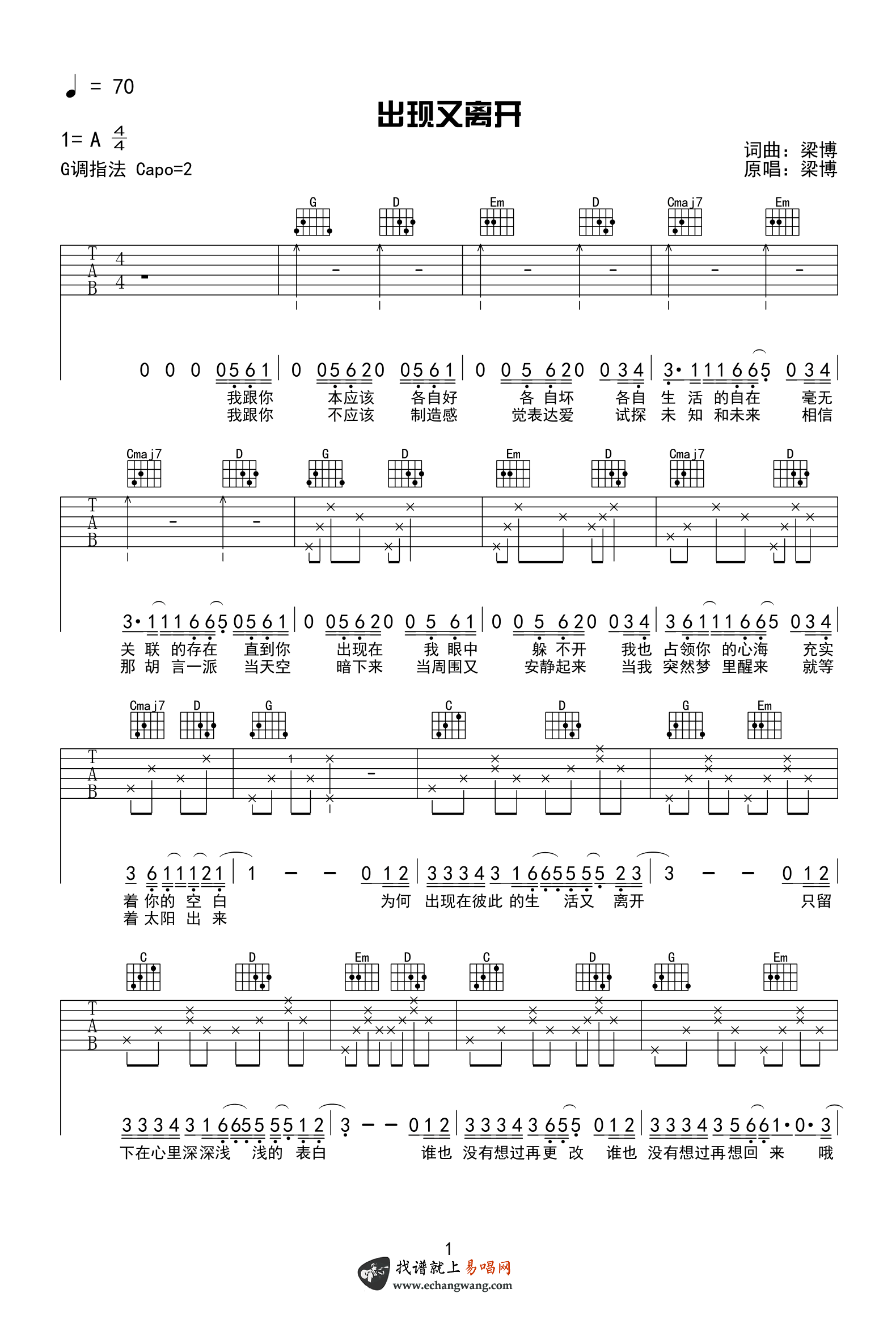 曲谱介绍: 梁博《出现又离开》吉他弹唱谱,共有2张高清图谱,免翻页排版设计。
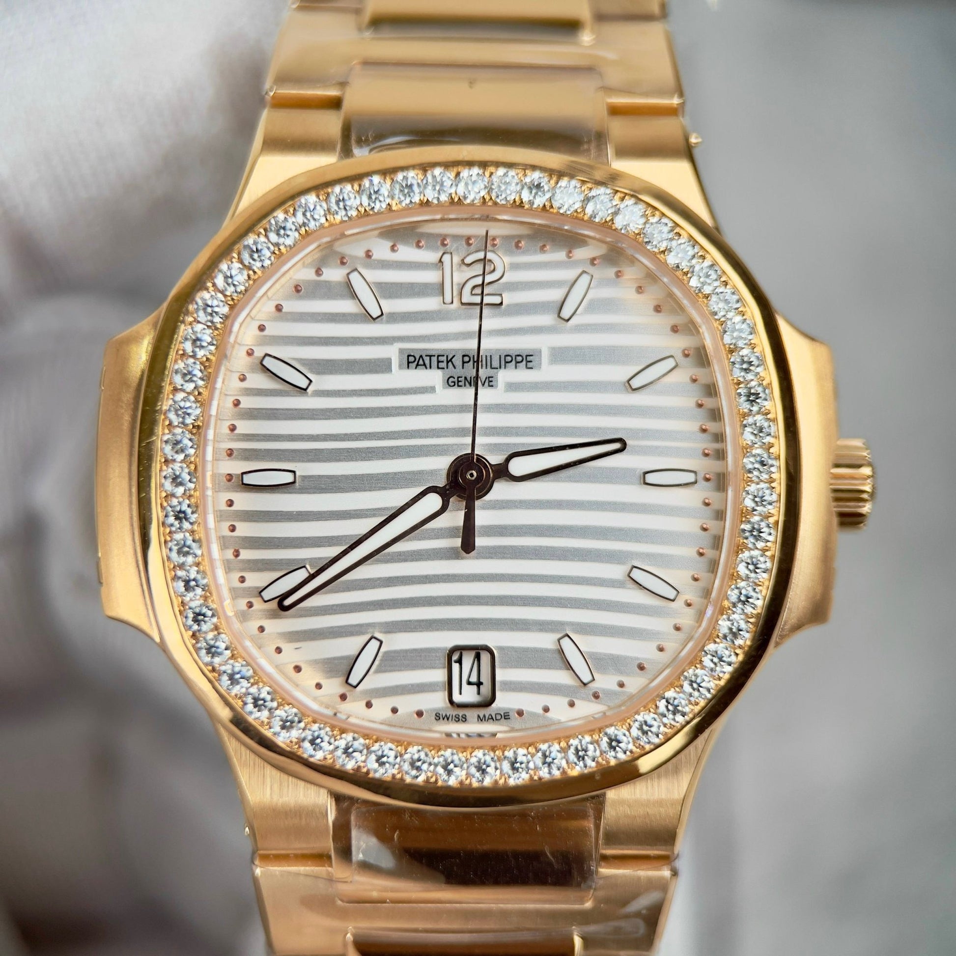 Patek Philippe Nautilus 7118/1R-010 18k Oro filled with quadrante bianco custom Moissanite stone
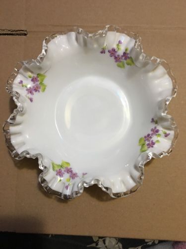 Title (ebay affiliate link): Vintage FENTON MILK GLASS CANDY DISH purple flowers Hand Painted
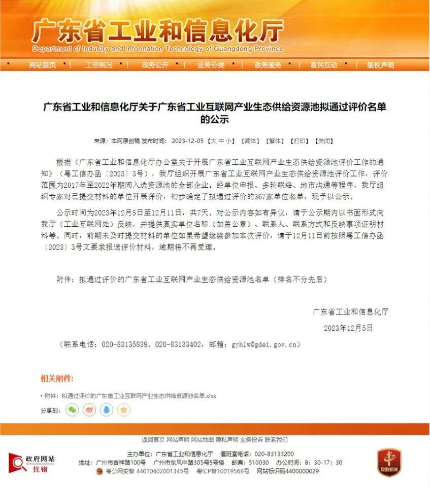 近日,广东省工业和信息化厅公示了《2023年广东省工业互联网产业生态供给资源池入池评审名单》,ug环球视讯成功入选,成为广东省工业互联网产业生态供给资源池企业。
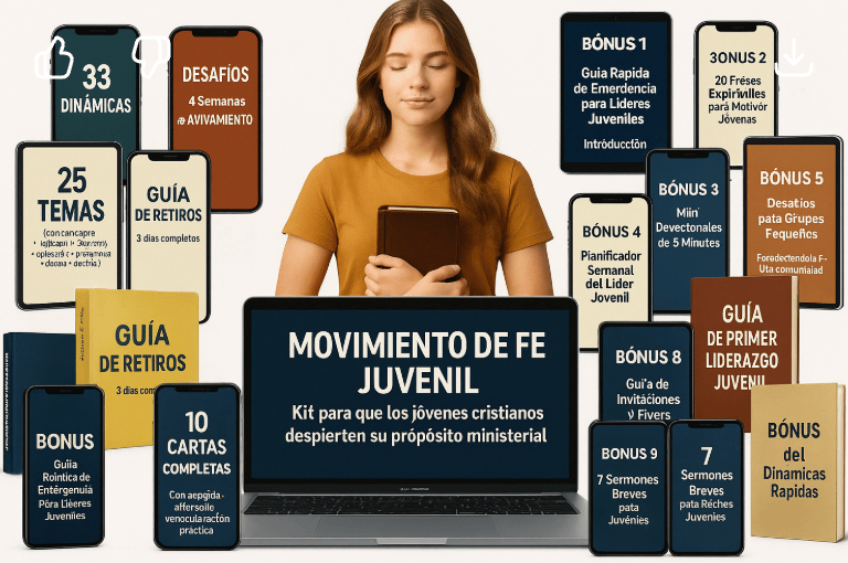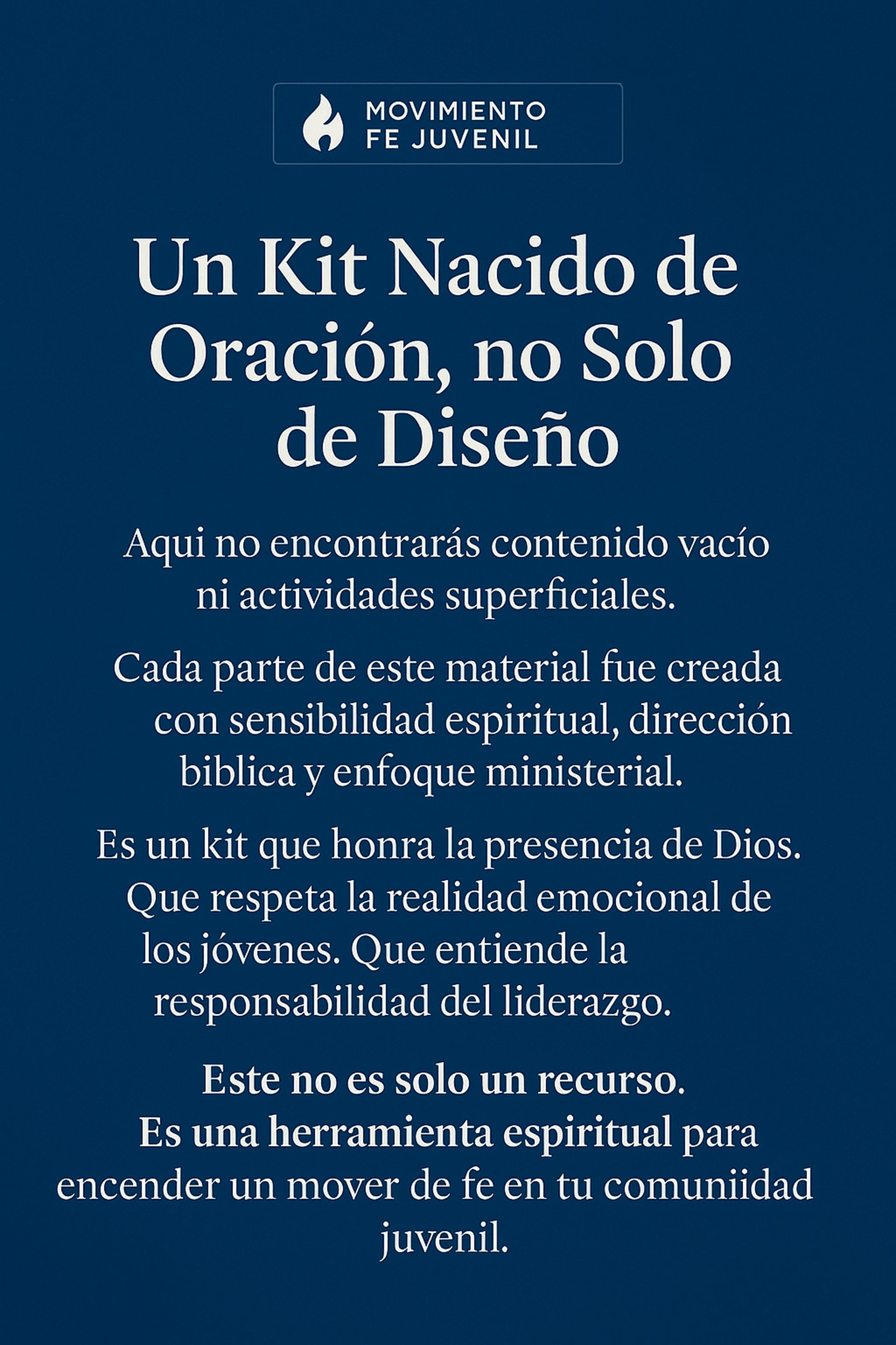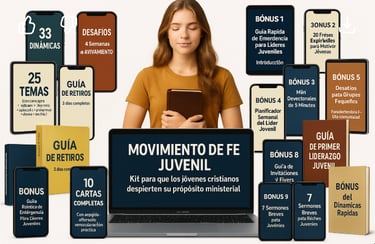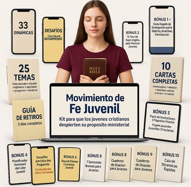 Al adquirir este kit ahora, no solo obtienes el contenido principal, sino que también recibes bónus exclusivos que elevarán tus reuniones juveniles y fortalecerán tu ministerio con recursos únicos, prácticos y llenos de propósito espiritual.
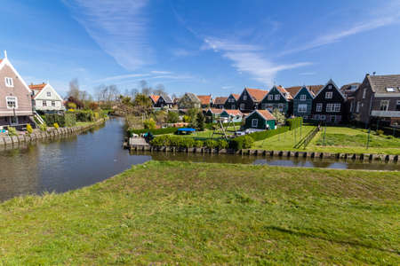 Typical Dutch village Marken with wooden green houses and small ditches, The Netherlands
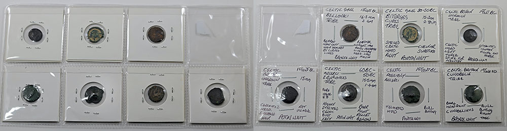 | Description: Ancient Celtic Gaul tribal bronze pontin units, 1st century BC: Aulerci Eburovices tribe (60-50BC) stylised bust/boar, unidentified helmeted head/bull, Cunobelinus tribe bare head/bull, Bellovaci tribe bearded head/rooster, Biturges Cubes tribe (80-50BC) stylised celtic head/circular epsilon and unknown tribes (2). (7 coins total). G-VG |
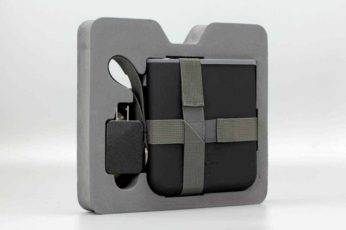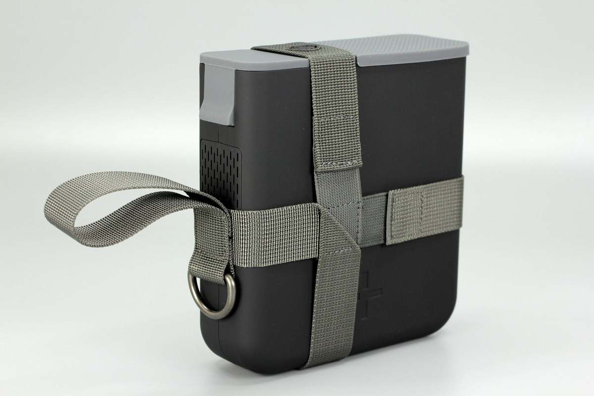 TYLT这款户外电源采用方块造型,机身边角圆润,上端设有灰色胶垫。此外机身横竖套有两个布带,侧边设有提手,通过这种设计对产品进行携带。

——————————

**What needs to be done:**
Retype every entry above exactly and, please, skip the pictures.

**Solution for this exercise:**
 曲谱介绍: 梁博《出现又离开》吉他弹唱谱,共有2张高清图谱,免翻页排版设计。
 Patek Philippe Nautilus 7118/1R-010 18k Oro filled with quadrante bianco custom Moissanite stone
 Title (ebay affiliate link): Vintage FENTON MILK GLASS CANDY DISH purple flowers Hand Painted
 近日,广东省工业和信息化厅公示了《2023年广东省工业互联网产业生态供给资源池入池评审名单》,ug环球视讯成功入选,成为广东省工业互联网产业生态供给资源池企业。
 Al adquirir este kit ahora, no solo obtienes el contenido principal, sino que también recibes bónus exclusivos que elevarán tus reuniones juveniles y fortalecerán tu ministerio con recursos únicos, prácticos y llenos de propósito espiritual.
 Typical Dutch village Marken with wooden green houses and small ditches, The Netherlands
 | Description: Ancient Celtic Gaul tribal bronze pontin units, 1st century BC: Aulerci Eburovices tribe (60-50BC) stylised bust/boar, unidentified helmeted head/bull, Cunobelinus tribe bare head/bull, Bellovaci tribe bearded head/rooster, Biturges Cubes tribe (80-50BC) stylised celtic head/circular epsilon and unknown tribes (2). (7 coins total). G-VG |
 TYLT这款户外电源采用方块造型,机身边角圆润,上端设有灰色胶垫。此外机身横竖套有两个布带,侧边设有提手,通过这种设计对产品进行携带。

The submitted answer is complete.